This is what happened with Marx and Feuerbach in the nineteenth century,
allowing the “absentee landlord” of eighteenth-century Deism to become simply
an absentee. The second can get so used
to various “gods” around the place that it ceases to care much about them. This is what happened with a good deal of
ancient paganism in Greece and Rome, until, as Pliny wryly remarks, the arrival
of Christianity stirred up pagans to a fresh devotion to their gods.[9]
The Jews believed in a
quite different “god.” This god, YHWH,
“the One Who Is,” the Sovereign One, was not simply the objectification of
forces and drives within the world, but was the maker of all that exists. Several biblical books, or parts thereof,
are devoted to exploring the difference between YHWH and the pagan idols:
Daniel, Isaiah 40-55, and a good many Psalms spring obviously to mind.

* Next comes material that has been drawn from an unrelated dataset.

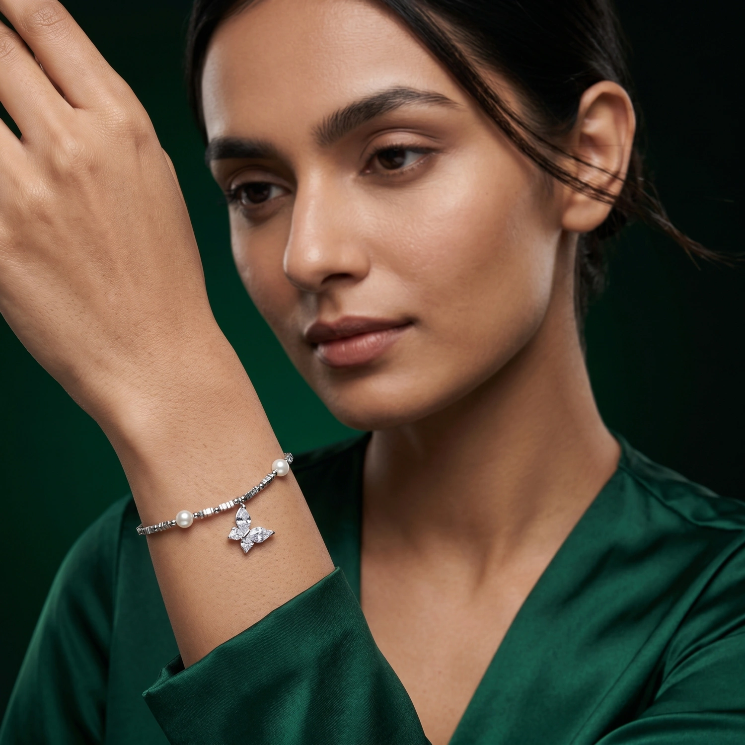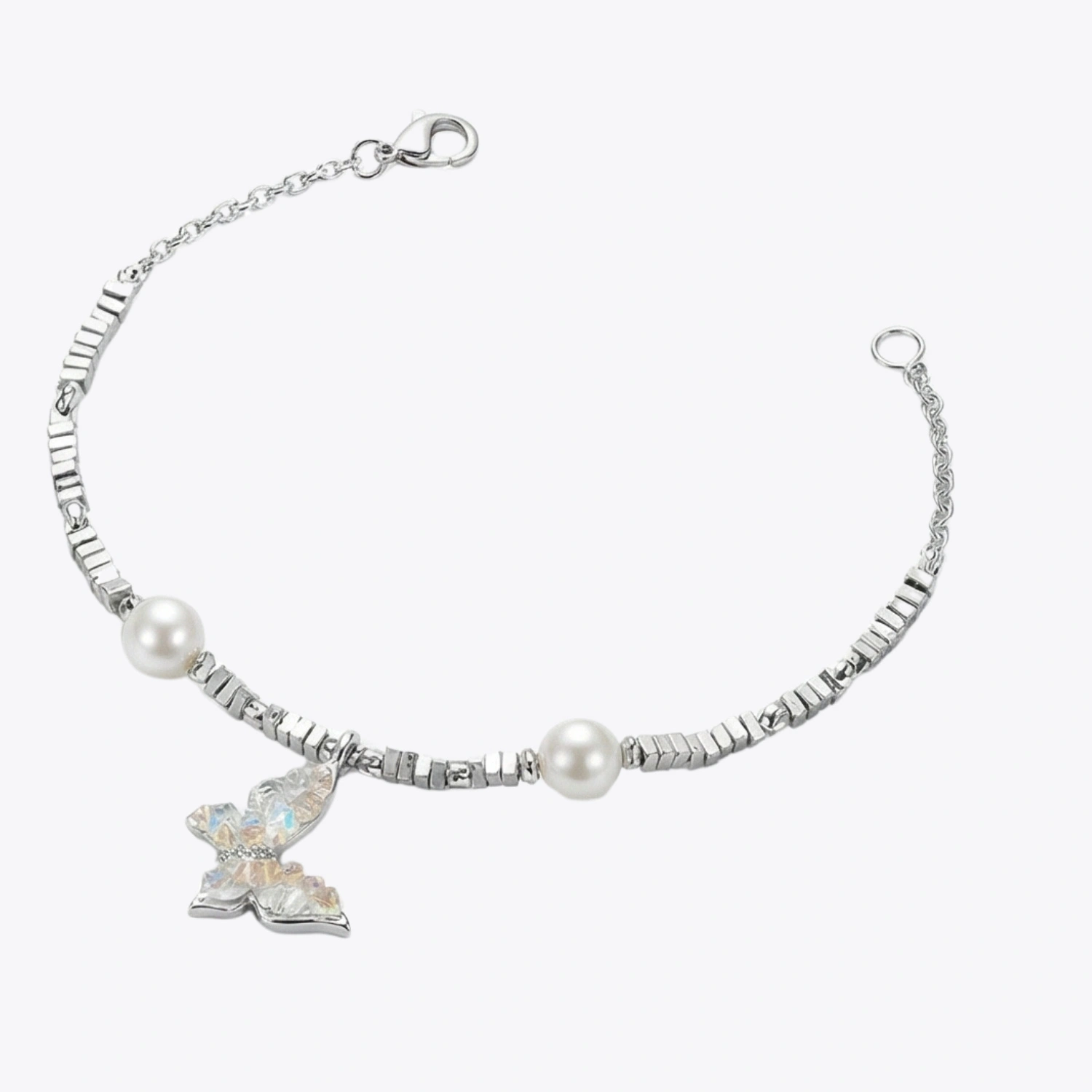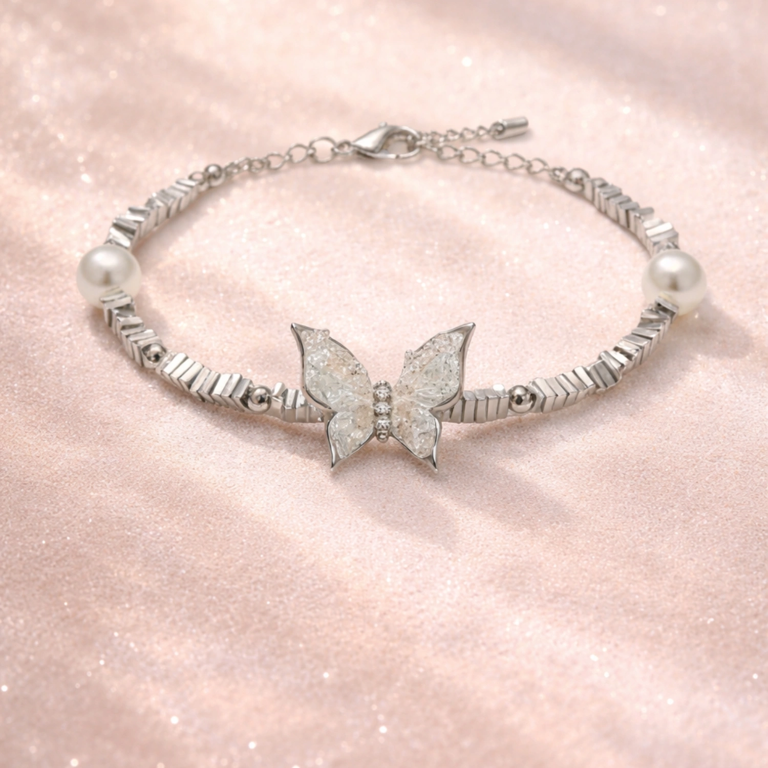 The Iridescent Butterfly & Pearl Bracelet pairs beautifully with elegant gowns, floral dresses, pastel outfits, or even minimal everyday wear. It can be styled as part of a full coordinated set for a glamorous occasion or worn alone to add a subtle touch of sparkle. Its butterfly and pearl combination makes it especially suitable for romantic, feminine, and nature-inspired styling.

The theme is summed up in the Jewish daily
prayer: “YHWH our God, YHWH is one!”[10]
Classic Jewish
monotheism, then, believed that (a) there was one God, who created heaven and
earth and who remained in close and dynamic relation with his creation; and
that (b) this God had called Israel to be his special people. This twin belief, tested to the limit and
beyond through Israel’s checkered career, was characteristically expressed
through a particular narrative: the chosen people were also the rescued people,
liberated from slavery in Egypt, marked out by the gift of Torah, established
in their land, exiled because of disobedience, but promised a glorious return
and final settlement. Jewish-style
monotheism meant living in this story and trusting in this one true God, the
God of creation and covenant, of Exodus and Return.
This God was utterly
different from the pantheist’s “one god.”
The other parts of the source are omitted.